*** Opening Dataset content ***
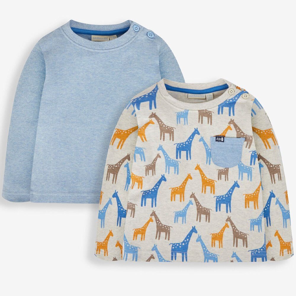 英國 JoJo Maman BeBe 幼/兒童100%純棉長袖上衣2件組(可當內搭)_非洲印象_JJL1543
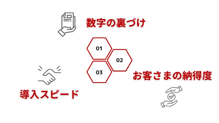 このトークのポイントは、「業務効率化を数字に落とし込む」こと。数字で示された改善幅は、お客さまにとって最も納得感のある判断材料になります。
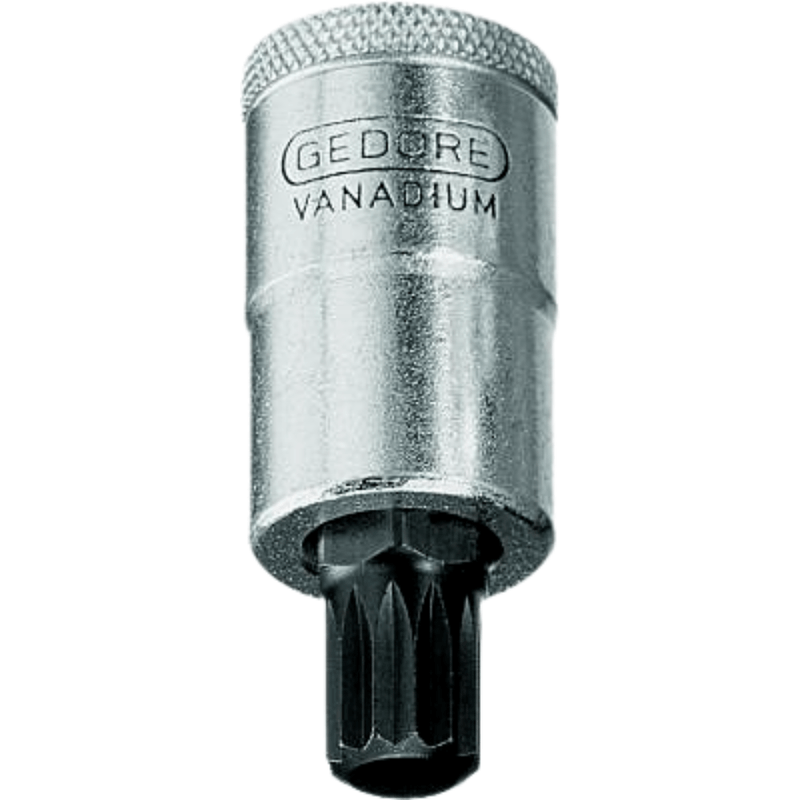 Aço Gedore-Vanadium. Soquete com acabamento niquelado e cromado/ zincado, com ponteira escurecida. Para trabalhar com acessórios manuais com encaixe quadrado 12,7 mm (1/2”), conforme DIN 3120 - C 12.5, ISO 1174. Perfil dodecagonal externo, para parafusos especiais INBUS® XZN interno.
*** Closing Dataset content ***
→ What to do
You are asked to reproduce each line above exactly, but to exclude the pictures.

→ Reply to the task
 英國 JoJo Maman BeBe 幼/兒童100%純棉長袖上衣2件組(可當內搭)_非洲印象_JJL1543
 このトークのポイントは、「業務効率化を数字に落とし込む」こと。数字で示された改善幅は、お客さまにとって最も納得感のある判断材料になります。
 Aço Gedore-Vanadium. Soquete com acabamento niquelado e cromado/ zincado, com ponteira escurecida. Para trabalhar com acessórios manuais com encaixe quadrado 12,7 mm (1/2”), conforme DIN 3120 - C 12.5, ISO 1174. Perfil dodecagonal externo, para parafusos especiais INBUS® XZN interno.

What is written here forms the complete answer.